Like ubiquitin, SUMO is conjugated to the lysine residues of target proteins in a 3-step catalytic cascade involving an E1, E2, and E3 enzyme. There are three isoforms of SUMO in human cells (four including the tissue specific SUMO-4); SUMO-1, SUMO-2 and SUMO-3 (Geiss-Friedlander and Melchior, 2007). However, SUMO-2 and SUMO-3 share 97% homology and are often referred to as SUMO-2/3. Like ubiquitin, SUMO can form polySUMO chains, although this is restricted to SUMO-2/3 and not SUMO-1. Interestingly, polySUMO chains are recognized by a class of E3 ubiquitin ligases known as SUMO-targeted ubiquitin ligases. SUMO-targeted ubiquitin ligases (RNF4 or RNF111 in mammalian cells) contain a SUMO-interacting motif (SIM) which binds non-covalently to SUMO and recruits the ubiquitin ligase to SUMOylated proteins (Geoffroy and Hay, 2009). In this way, SUMOylation of proteins, including SUMOylated TOP2-DNA covalent complexes, can lead to their ubiquitin-dependent degradation by the proteasome.
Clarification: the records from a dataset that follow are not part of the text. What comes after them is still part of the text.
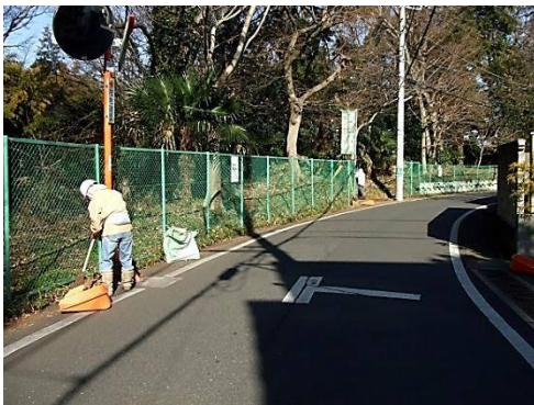
この時期恒例の落ち葉の清掃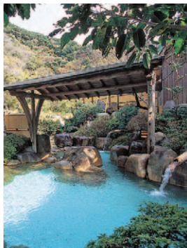
ツアーでは源泉かけ流しの温泉を露天風呂、内湯で楽しめます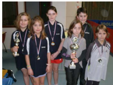
Moins de 11 filles : 1 er Saint-Berthevin/Saint-Loup, 2 e Ernée.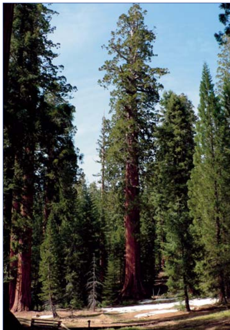
Riesenmammutbäume im Yosemite Nationalpark

10. Tag: MODESTO – SAN FRANCISCO (143 km) Frühe Abfahrt in Richtung San Francisco. Geführte Stadtrundfahrt durch San Francisco, eine der meist gefilmten und fotografierten Städte der Welt. Die Stadt ist ein bunter Mix aus Kulturen, Farben und Geschichte mit zahlreichen Sehenswürdigkeiten, wie z.B. das Viertel Fisherman's Wharf mit seinen Cafés, Kneipen und Restaurants. Die Pier 39, ein Teil von Fisherman's Wharf, ist ein ganzjähriger Rummel mit Souvenir-Läden, Fahrgeschäften und Restaurants. Während der Stadtrundfahrt sehen Sie den Financial District (Transamerica Pyramid), Union Square, Chinatown und natürlich die weltbekannte Golden Gate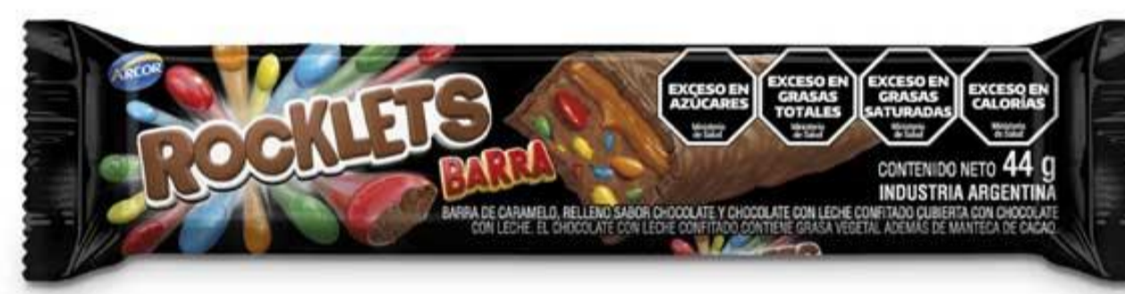
Barra de caramelo ROCKLETS 44 grs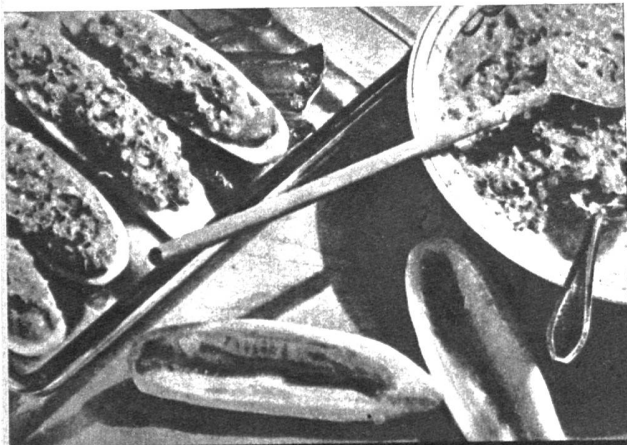
Gurken werden von den Kernen befreit und gefüllt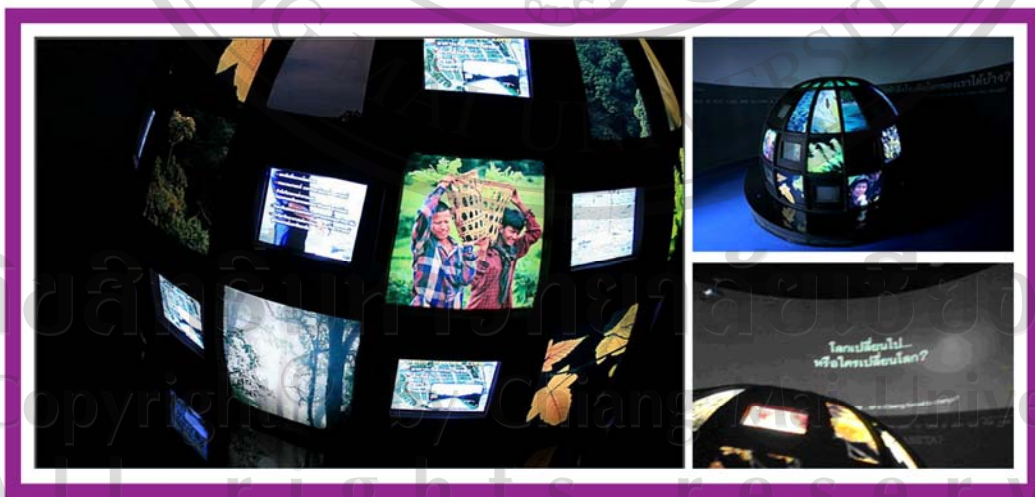
ภาพ 12 ภาพแสดงบรรยากาศภายในห้องพลังไทยพิทักษ์โลก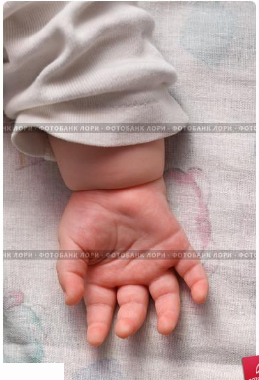
Детская ручка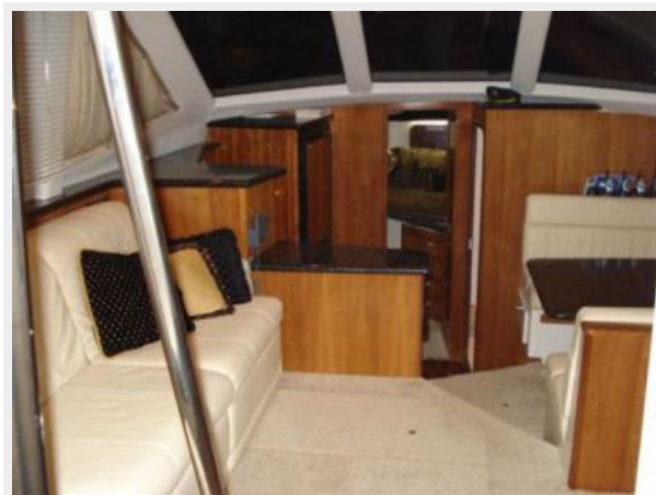
Manufacturer Provided Image: 404 Cockpit Motor Yacht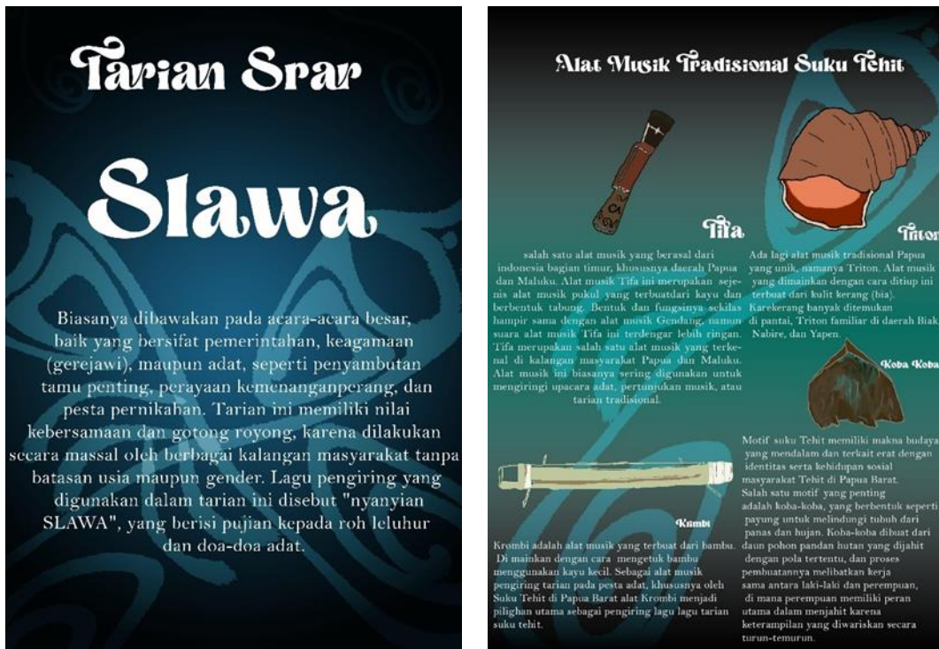
Gambar 14. Tampilan poster infografis

Proses desain Cover art menggunakan software adobe photoshop dengan memakai elemen elemen yang sudah dibuat sebagai reverensi pembuatan motif yang akan digunakan dalam Visualizer.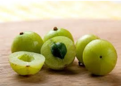
มะขามป้อม (Indian gooseberry)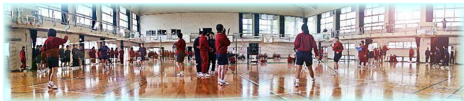
女子バドミントン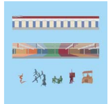
Reuzenhal, From Cure to Care

Terug naar de stedenbouw. Ik ben verrast door hun studie voor de Internationale Architectuur Biennale in Rotterdam. Vanwege het strategische karakter lijkt het niet te passen binnen de lijst met projecten. Onderwerp van studie is de Gezonde Stad. Centraal staat de wijk Overvecht, die slecht scoort op gezondheid. De Smet Vermeulen grijpt een half uitgevoerde sloop aan om het thema gezondheid verder op te rekken. De gebouwen die van de sloop zijn gered, zijn ingenomen door allerlei sociale initiatieven. Deze worden nu door de gemeente bedreigt met uitzetting. Het opnieuw plaats geven aan deze initiatieven moet een zinrijke buurt opleveren. Hiermee poneert De Smet Vermeulen dat De Gezonde Stad niet alleen groen, schoon of beweeglijk is, maar vooral ook sociaal. Dit vormt vervolgens de basis voor een reeks voorstellen. Een moestuin, co-housing woningen, zorgwoningen met daaronder kleinschalige buurtvoorzieningen, een jeu-de-boulesbaan.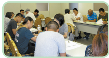
べんぎょうの ようす

日時 9月12日~11月28日(日曜日 13:00~16:30) (全部で 12回) 場所 小牧市公民館4階 チェスルーム 対象 かんじを勉強したい 外国人の方なら だれでも きてください 参加費 0円 申し込み 申し込みは いません。勉強の 場所へ きてください。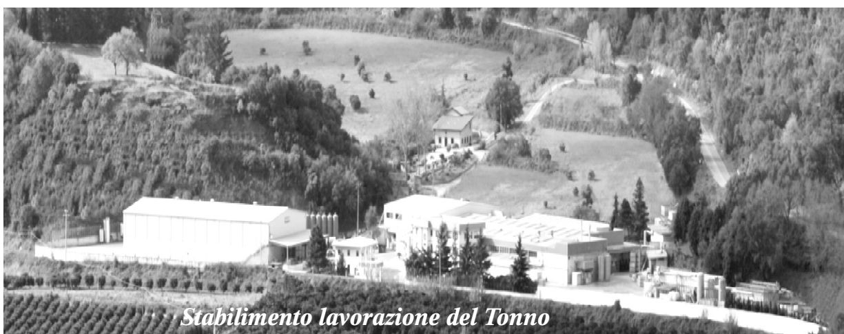
Stabilimento lavorazione del Tonno

Quello di lavorare in un contesto territoriale che sappia apprezzare le ricadute sociali dell’azienda stessa e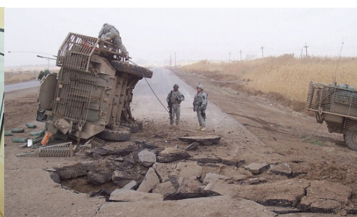
C-52 of 3/2 Stryker Brigade Combat Team

Los soldados del Cuerpo de Marines que se desplazan a misiones en Próximo Oriente reciben entrenamiento específico sobre “Reconocimiento de Combatientes y Dispositivos de Explosivos Improvisados”, en la base militar de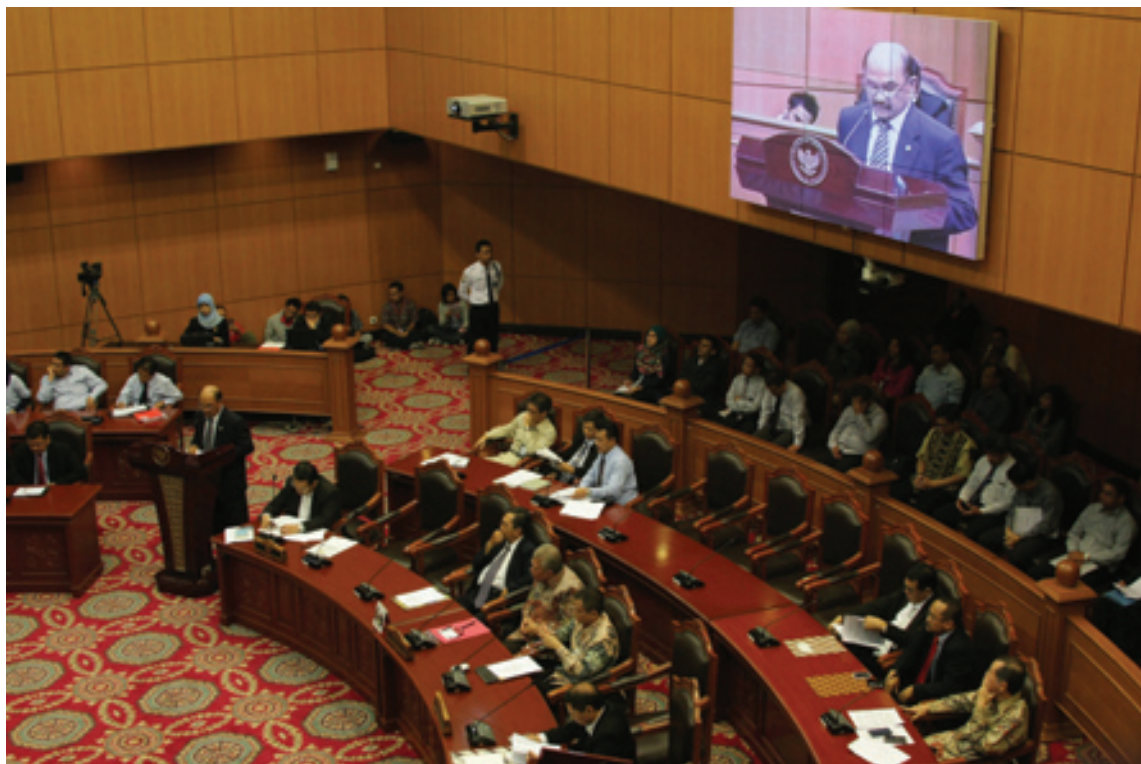
Wakil Ketua Badan Pemeriksa Keuangan (BPK) Hasan Bisri saat memberikan tanggapan dalam sidang pengujian UU Keuangan Negara di Ruang Sidang Pleno Gedung MK, Rabu (4/9/2013).

Undang-Undang Keuangan negara selaras dengan prinsip akuntabilitas dan transparansi pengelolaan keuangan Negara. Prinsipnya, penggunaan keuangan negara sekecil apa pun wajib dipertanggungjawabkan oleh penggunaannya atau oleh siapa pun yang mendapat dana, fasilitas yang bersumber dari keuangan Negara. DPR berpandangan, diperlukan kehati-hatian dalam memahami konteks kedudukan keuangan negara sebagai kekayaan yang dipisahkan dalam Badan Usaha Milik Negara (BUMN), Badan Usaha Milik Daerah (BUMD) atau badan hukum yang menggunakan fasilitas pemerintah. “Diperlukan kehati-hatian dengan tujuan untuk menjaga kekayaan negara tidak hilang begitu saja tanpa bisa dipertanggungjawabkan atau pun negara menanggung beban kewajiban terlalu jauh,” kata Wakil Ketua Komisi III DPR RI Al Muzammil Yusuf dalam persidangan di MK, Rabu (4/9/2013). Sidang kali keempat untuk gabungan Perkara Nomor 48/PUU-XI/2013 dan 62/PUU-XI/2013

A number of studies have shown that TOP2 is SUMOylated in response to etoposide, teniposide, and the TOP2 inhibitor ICRF-193 (Agostinho et al., 2008; Isik et al., 2003; Lee et al., 2018; Mao et al., 2000; Schellenberg et al., 2017; Sun et al., 2019), and this seems to occur prior to TOP2 ubiquitination (Isik et al., 2003; Sun et al., 2019). It is now known that SUMOylation of TOP2 by the ZATT E3 ligase facilitates the direct removal of TOP2-DNA covalent complexes by TDP2, as discussed above (Schellenberg et al., 2017). However, SUMO is also implicated in other relevant pathways, which may affect TOP2-DNA covalent complex processing and repair, such as the SPRTN-dependent pathway (Vaz et al., 2020) and the recently described RNF4/ubiquitin-dependent proteasomal pathway. Following the SUMOylation of TOP2 by the E3 SUMO ligase PIAS4, RNF4 is recruited to TOP2 via its SIM domain and polyubiquitinates TOP2 with K48-linked chains, thereby leading to degradation of TOP2 by the proteasome (Sun et al., 2019). Indeed, knockdown or knockout of RNF4 increases levels of TOP2-DNA complexes and reduces the appearance of etoposide-induced γH2AX levels in a manner which is epistatic with the proteasomal processing pathway (Sciascia et al., 2020; Sun et al., 2019). However, levels of etoposide-induced histone H2AX phosphorylation were higher in RNF4−/− MEFs compared with proteasome-inhibited cells, consistent with the involvement of other ubiquitin ligases in the ubiquitin/proteasome-dependent pathway (Sciascia et al., 2020), such as BMI1/RING1A. Therefore, in addition to the ZATT/TDP2 pathway, SUMOylation of TOP2 can also lead to the proteasomal degradation of TOP2 adducts through RNF4-dependent polyubiquitination of TOP2.

Conclusion

Numerous pathways have now been described which facilitate the removal and repair of TOP2-DNA covalent complexes (Fig. 1). The existence of multiple redundant pathways is now known. These ensure the timely and efficient repair of TOP2-DNA covalent adducts, thereby maintaining genome stability. However, it is not known what determines which repair pathway is used. Recent work also emphasizes the important role of post-translational modifications, such as ubiquitination and , in the regulation of TOP2-DNA complex repair. There remain many unanswered questions about the timing and function of these post-translational modifications. Whether modulation of the removal and repair of TOP2-DNA covalent complexes with small molecule inhibitors will help to improve outcomes of TOP2 poison chemotherapy, for example by increasing TOP2 poison cytotoxicity and reducing genotoxicity, remains to be determined in preclinical model systems.

Fig. 1.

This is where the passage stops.